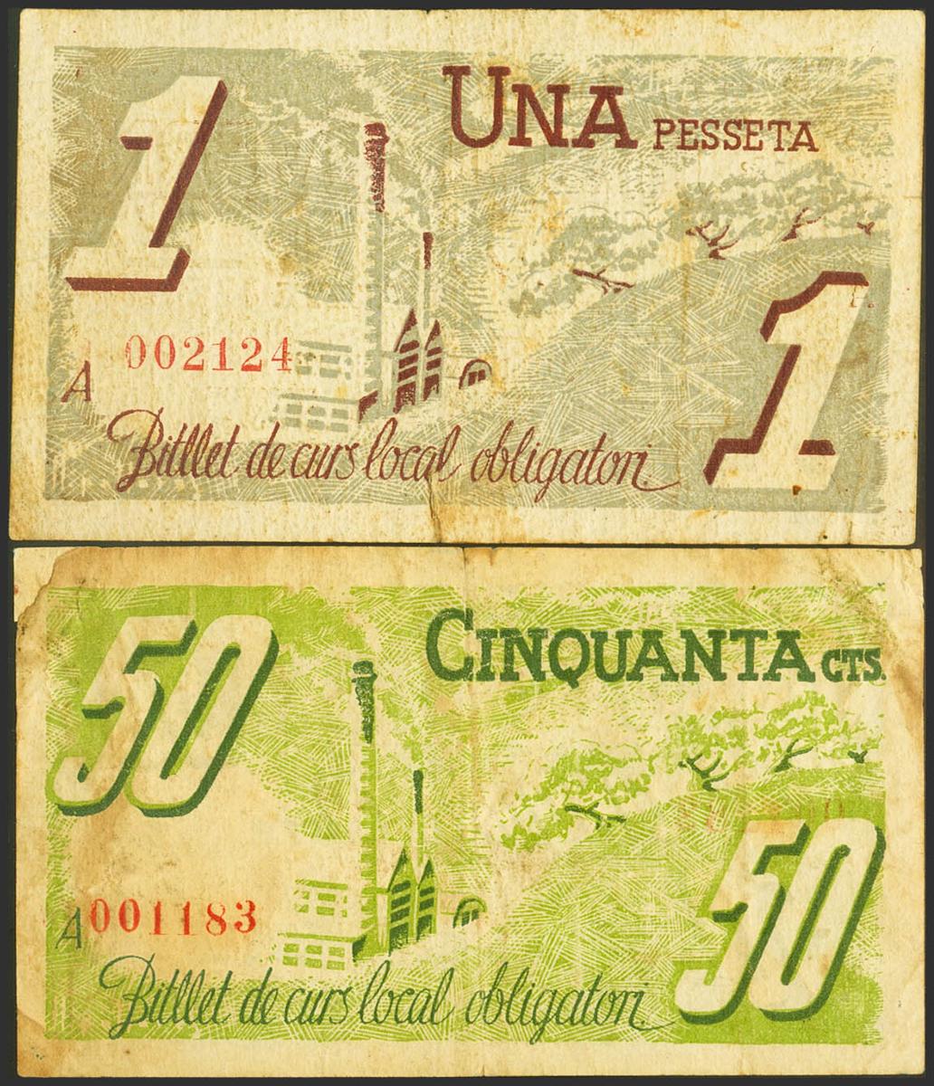 JUST DESVERN (BARCELONA). 50 Cents and 1 Peseta. May 1937. Series A, both. (González: 8300/01). Complete series. Almost Very Fine.
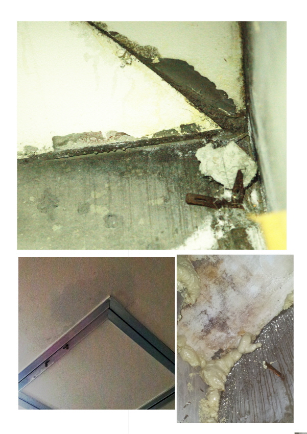 2008년 여름 이후 천장에서 누수가 자주 발생하여 여러 차례 하자 보수를 하였습니다. 그러던 중 마지막 하자 보수 후 천장에 점검구를 달아 원인을 파악한 결과 옥상내부에 단열재가 되어있지 않아 결로가 지속적으로 발생하여 문제가 생겼다는 것을 알게 되었습니다.
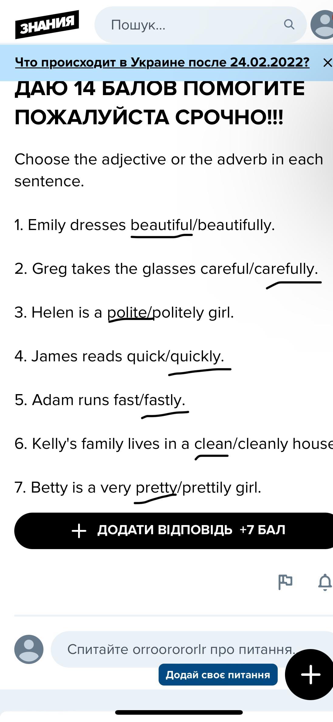 5. Adam runs fast/fastly.
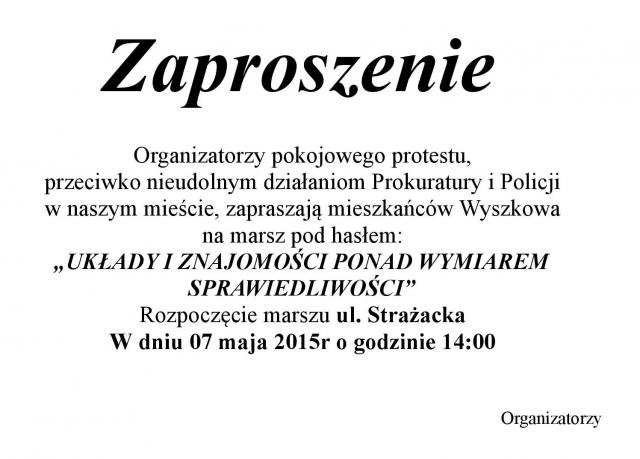 Organizatorzy pokojowego protestu, przeciwko nieudolnym działaniom Prokuratury i Policji w naszym mieście, zapraszają mieszkańców Wyszkowa na marsz pod hasłem "UKŁADY I ZNAJOMOŚCI PONAD WYMIAREM SPRAWIEDLIWOŚCI".
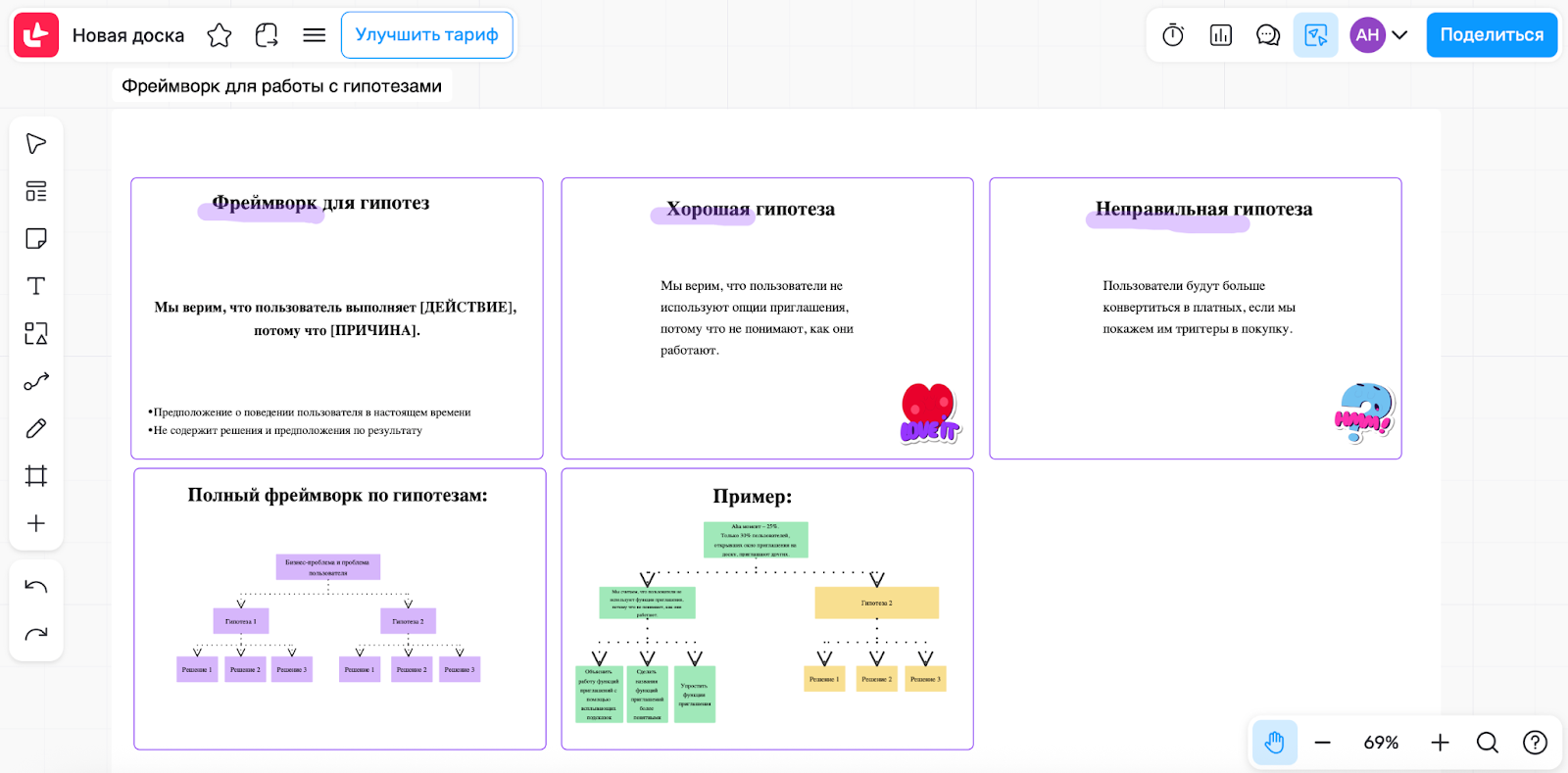 Шаблон для работы с гипотезами в МТС Линк Досках
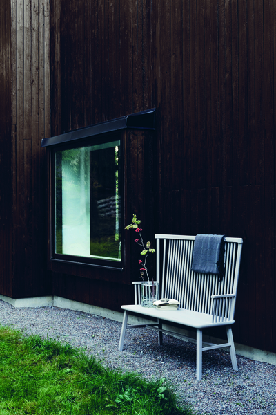En färgpalett med 18 naturnära kulörer för bruna och beige fasader.
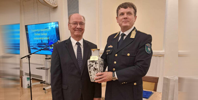 Farkas Gábor rendőr dandártábornoknak kimagasló szakmai munkája, valamint a kamara tevékenységét segítő együttműködés elismeréseként távozása alkalmából egy emléktárgyat adományozott a Komárom-Esztergom Vármegyei Kereskedelmi és Iparkamara. A díszes vázát Dr. Szerencsés László, a kamara elnöke adta át.
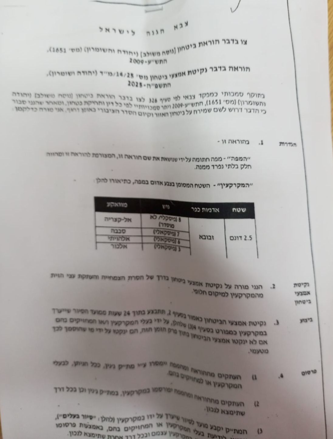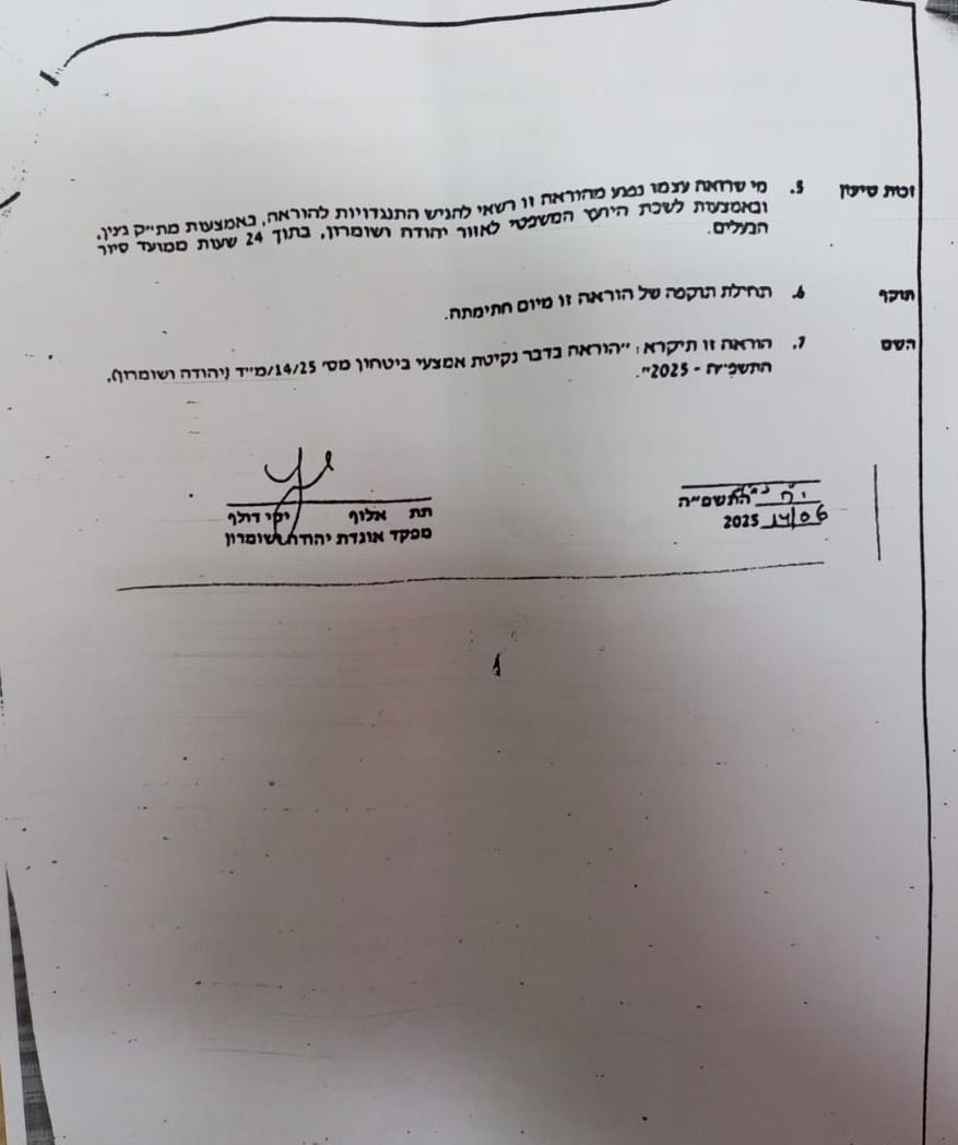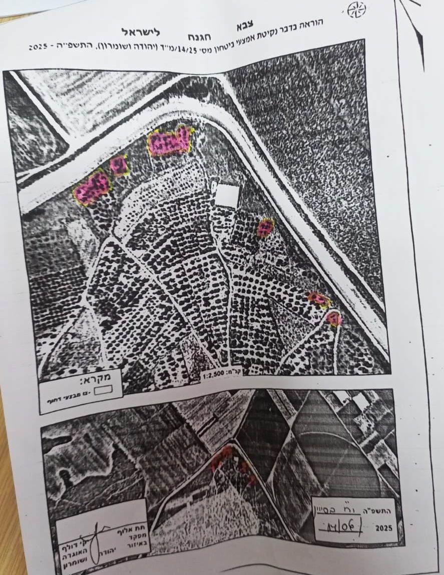 | في 09 حزيران 2025 أصدر الاحتلال أمراً عسكرياً باقتلاع أشجار زيتون " حوالي 60 شجرة" من أراضي بلدة حوارة / محافظة نابلس | أمر بشأن اتخاذ وسائل أمنيه"رقم 25/13/ فوري ومستعجل | 2.8 | |

To do: Take the entries above and copy exactly the lines starting at the one with "Шаблон для работы" and ending at the one with "Farkas Gábor rendőr"; nothing outside that span, and no pictures.

Your response:
 Шаблон для работы с гипотезами в МТС Линк Досках
En färgpalett med 18 naturnära kulörer för bruna och beige fasader.
 Farkas Gábor rendőr dandártábornoknak kimagasló szakmai munkája, valamint a kamara tevékenységét segítő együttműködés elismeréseként távozása alkalmából egy emléktárgyat adományozott a Komárom-Esztergom Vármegyei Kereskedelmi és Iparkamara. A díszes vázát Dr. Szerencsés László, a kamara elnöke adta át.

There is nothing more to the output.